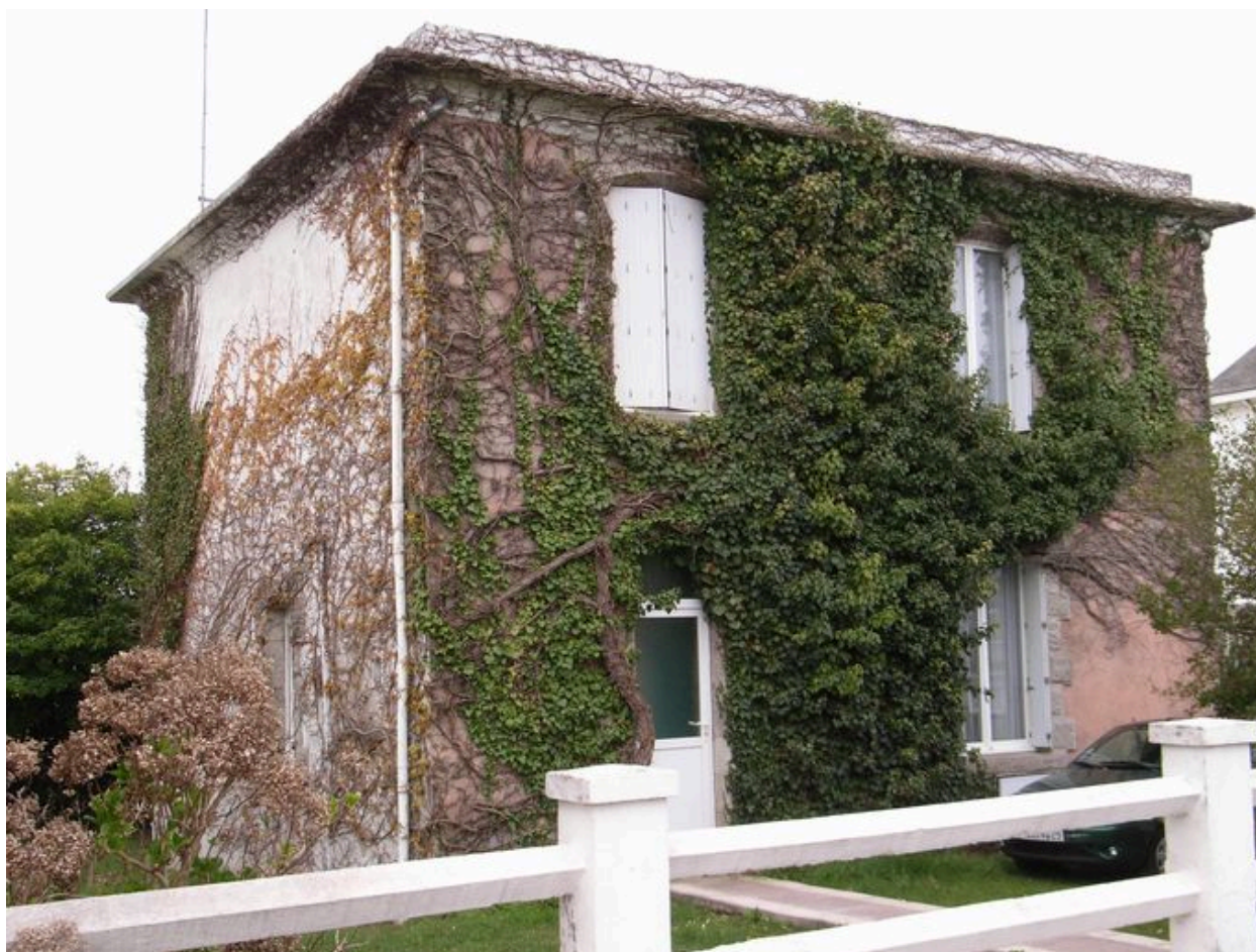
Pignon sud et façade de la villa Les Bleuets
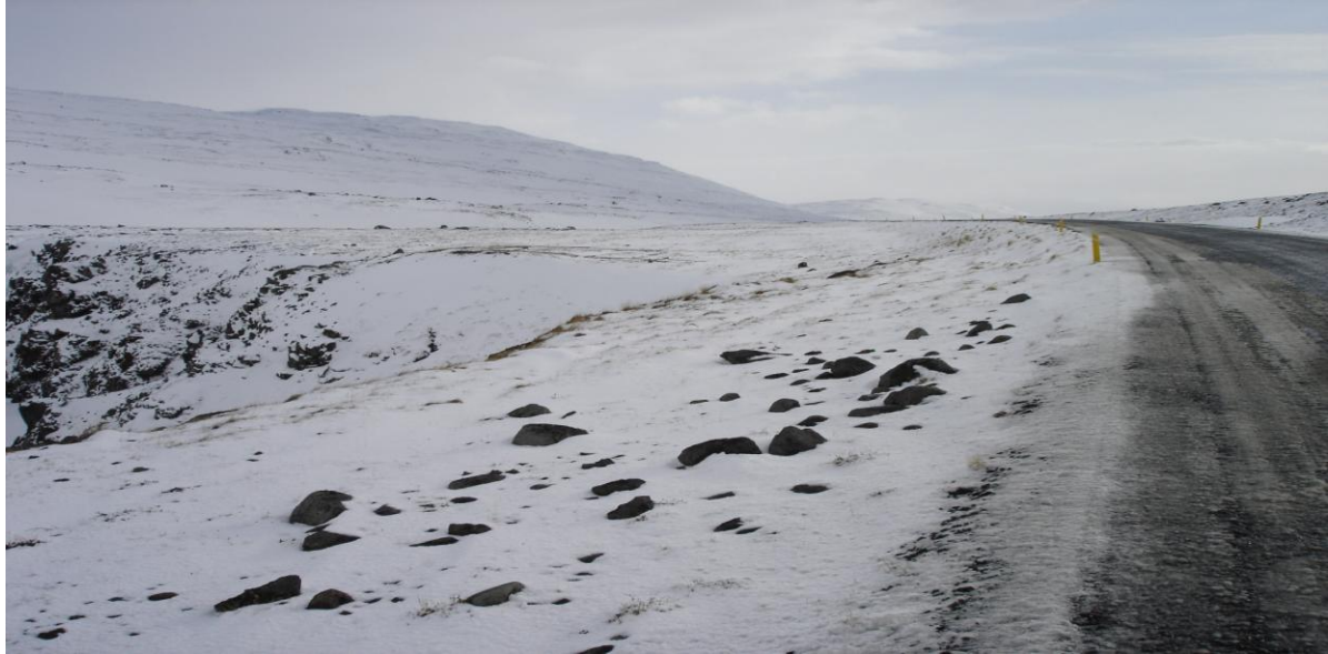
Viðsjárverður vegur um Steingrímsfjarðarheiði
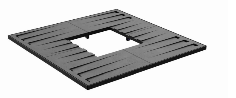
BOOMROOSTER - LEILINDES
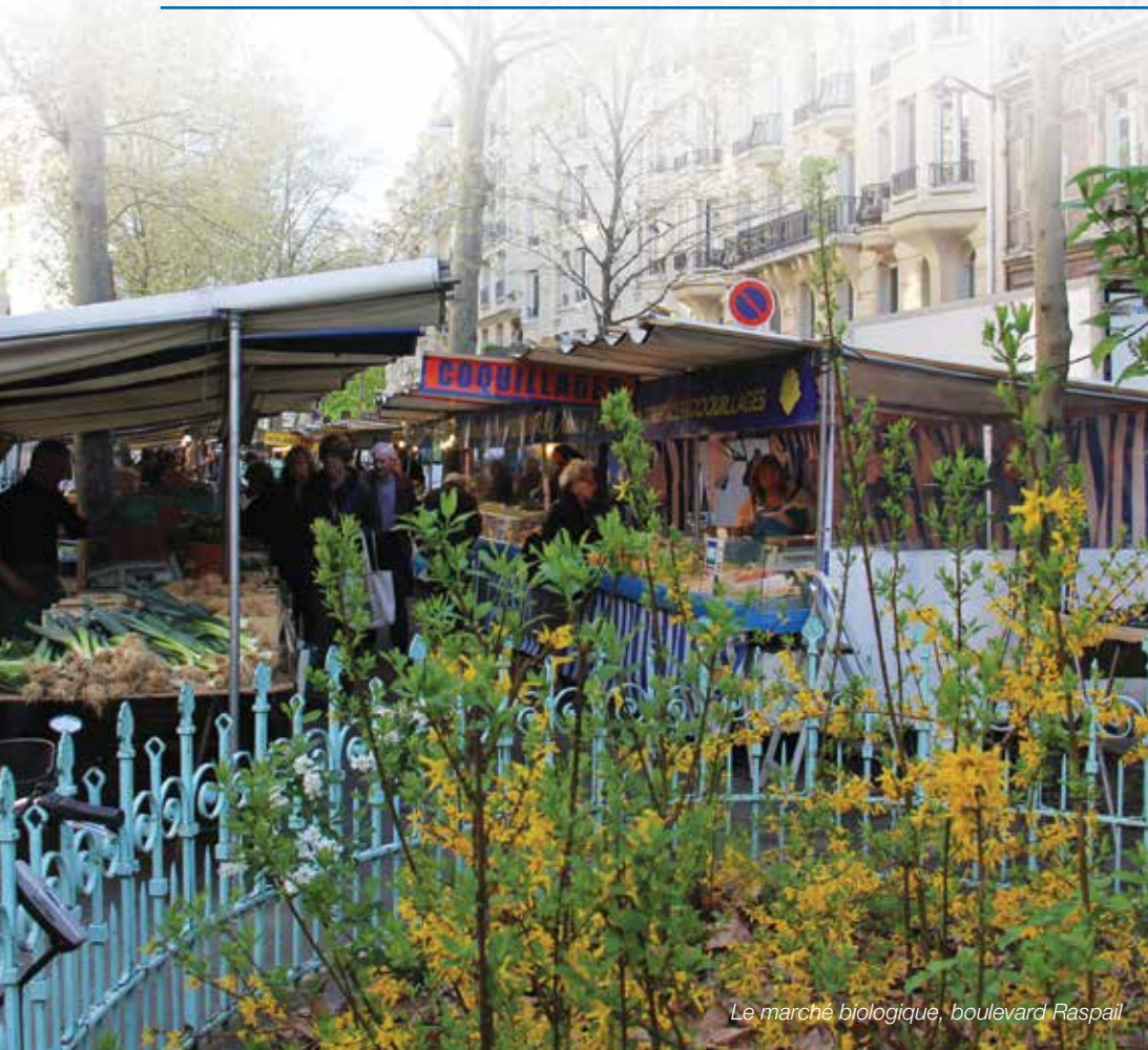
Le marché biologique, boulevard Raspail

Le nouveau Conseil de Quartier « Rennes » s'est réuni le 4 décembre 2014.
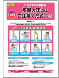
4 熱中症対策 症状と予防法、 水分補給、対処法を解説
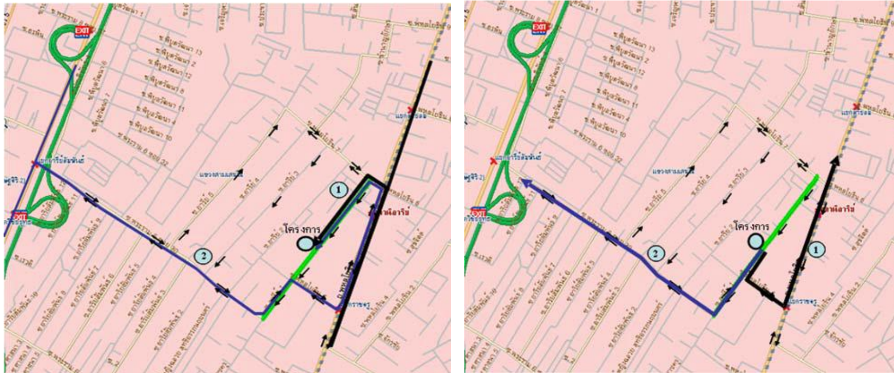
อ้างอิง : ข้อมูลจากรายงานการประเมินผลกระทบสิ่งแวดล้อม (EIA) ของโครงการ

_ASSIGNED TASK:_ Your answer must be exactly the lines from the one containing "BOOMROOSTER - LEILINDES" through the last line of the records above, both included, with every picture left out.

_RESULT FOR THIS EXERCISE:_
BOOMROOSTER - LEILINDES
Le marché biologique, boulevard Raspail

Le nouveau Conseil de Quartier « Rennes » s'est réuni le 4 décembre 2014.
4 熱中症対策 症状と予防法、 水分補給、対処法を解説
อ้างอิง : ข้อมูลจากรายงานการประเมินผลกระทบสิ่งแวดล้อม (EIA) ของโครงการ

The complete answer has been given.